Le journalisme illustré par Le Figaro

Selon un rêve tenace, l’exercice réel du journalisme devrait être corrigé pour se rapprocher du journalisme idéal, lieu d’un débat public habermassien sans filtres ni biais, porteur objectif des informations nécessaires à l’exercice éclairé du jugement. Tel est le point de vue de la journaliste Amy Goodman, lorsqu’elle condamne le traitement de faveur réservé au candidat Donald Trump dans la presse américaine, celui d’Acrimed lorsqu’il dénonce le récit orienté du mouvement social, ou encore celui de la société des rédacteurs de l’Obs, quand elle réclame l’annulation du licenciement d’Aude Lancelin, ex-numéro 2 de l’hebdomadaire, et demande à sa direction «la garantie de [son] indépendance».

La critique du journalisme est donc aussi son principal soutien, l’instance qui accrédite, par sa vigilance sourcilleuse, le mythe d’un journalisme désintéressé et indépendant, pilier d’une démocratie irréprochable.

Ce beau récit cache une réalité moins rose. Le journalisme, dans son exercice ordinaire, est un outil narratif au service d’intérêts particuliers, étroitement dépendant de puissances économiques, de ressources publicitaires ou d’une clientèle qui déterminent largement ses choix de récits. Dans le journalisme réel, Aude Lancelin a été limogée pour plaire à l’Elysée, parce qu’elle est la compagne de Frédéric Lordon, pilier de Nuit Debout.

Dans le journalisme réel, on choisit une photographie non parce qu’elle restitue fidèlement la vérité, mais parce qu’elle fournit un soutien expressif à un récit orienté, comme la Une du Figaro d’aujourd’hui, qui a sélectionné un portrait sinistre du responsable de la CGT, le regard torve de l’ennemi public émergeant d’une obscurité complice, sourcils froncés et moustache stalinienne, pour faire écho au titre: «Philippe Martinez, l’homme qui veut mettre la France à genoux».

Cette photographie n’est pas une prise de vue sur le vif d’un discours du dirigeant syndical, qui aurait saisi par inadvertance la vérité d’un geste menaçant, mais une image réalisée le 22 avril 2015, peu de temps après son élection au secrétariat général, lors d’une séance de pose au siège de la CGT. C’est le photographe de l’AFP Joël Saget qui a imposé cet éclairage théâtral, ainsi qu’une série de postures ou de mimiques prêtes à l’emploi, parmi lesquelles une seule dictait un sourire. Ce n’est pas celle qui a été choisie par Le Figaro. Dans le portrait retenu pour la Une, on peut aisément reconstituer les indications du photographe: tendez le doigt, penchez un peu la tête, l’air décidé, ne bougeons plus.

joelsagetAFP_Martinez2015

Qui croira qu’une telle image donne à voir la réalité? N’en déplaise à la critique du journalisme, la bonne réponse à cette question est: un lecteur du Figaro, convaincu d’avance de la malfaisance syndicale, auquel son journal apporte simplement la confirmation qu’il attend1.

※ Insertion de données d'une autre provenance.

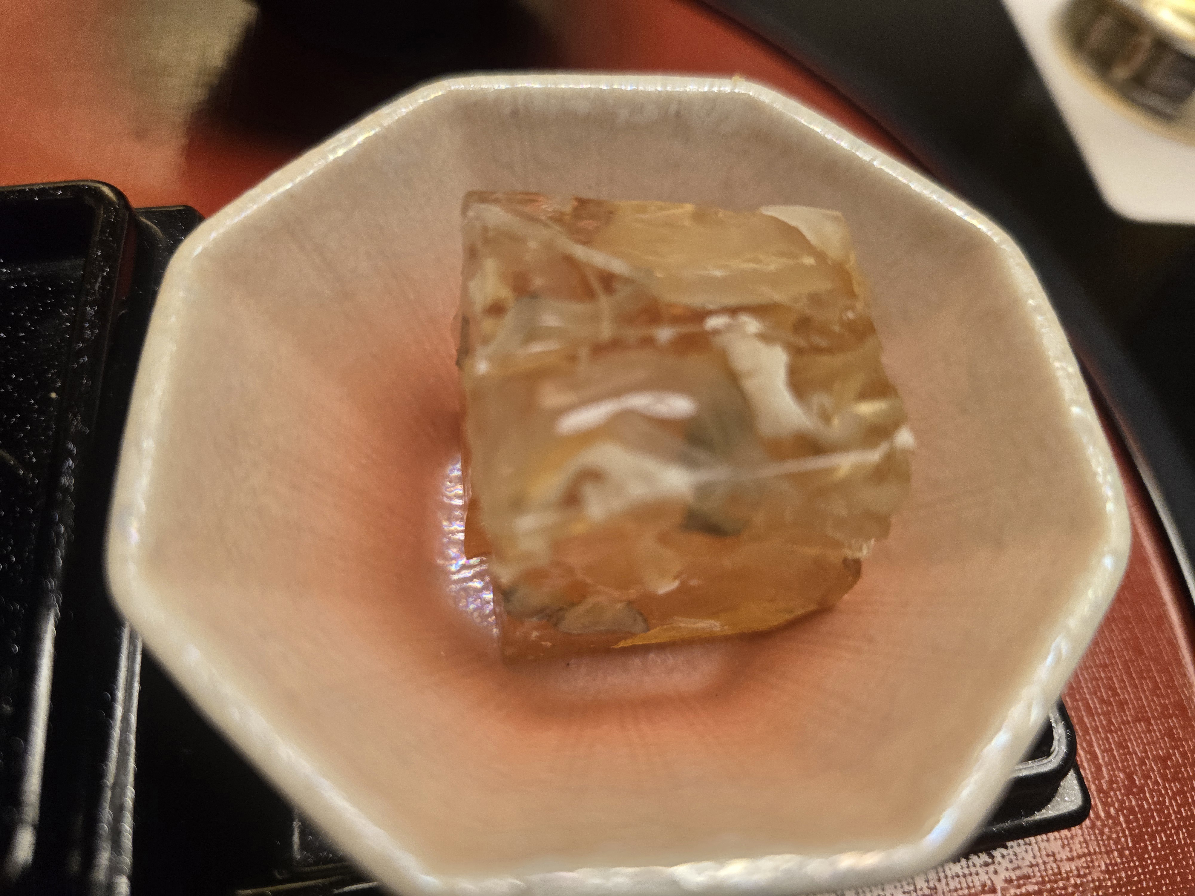 복껍질에서 나오는 젤라틴으로 묵을 만들었습니다.

  1. A noter que ce numéro ne sera pas disponible aujourd’hui, car la CGT a décidé de bloquer la parution de la plupart des quotidiens. []

11 Commentaires

  1. Qui est le plus ridicule dans cette « anecdote révélatrice » ? Le leader syndical se prêtant au jeu des images préfabriquées (toutes assez « sinistres » semble-il) ?
    Ou bien l’organe de propagande du parti opposé qui s’en sert de façon aussi simpliste ?

  2. Bien malin… « Le Figaro », victime ce matin de la CGT et donc « mis à genoux » par celui-là même qu’elle a choisi de montrer comme un petit dictateur menaçant les Français, certes mal « apprivoisés » (Manuel Valls dans son célèbre lapsus, réitéré de 2012) ou mal embouchés.

  3. Contrairement à ce que vous avancez de ce que je connais d’Acrimed, (jen’ai pas lu l’article auquel vous vous référencé) ils n’ont jamais défendu l’objectivité de la presse mais son honnêteté. À savoir comme on le disait dans les années 70, dire « d’où le journaliste, le journal, le média parle » et où il se situe dans le champ médiatique. C’est ce qu’ils décryptent et font ressortir dans leur critiques depuis des années. C’est cela qu’ils mettent à nu. Même si eux-mêmes reconnaissent se situer à la gauche de gauche et être bourdieusiens.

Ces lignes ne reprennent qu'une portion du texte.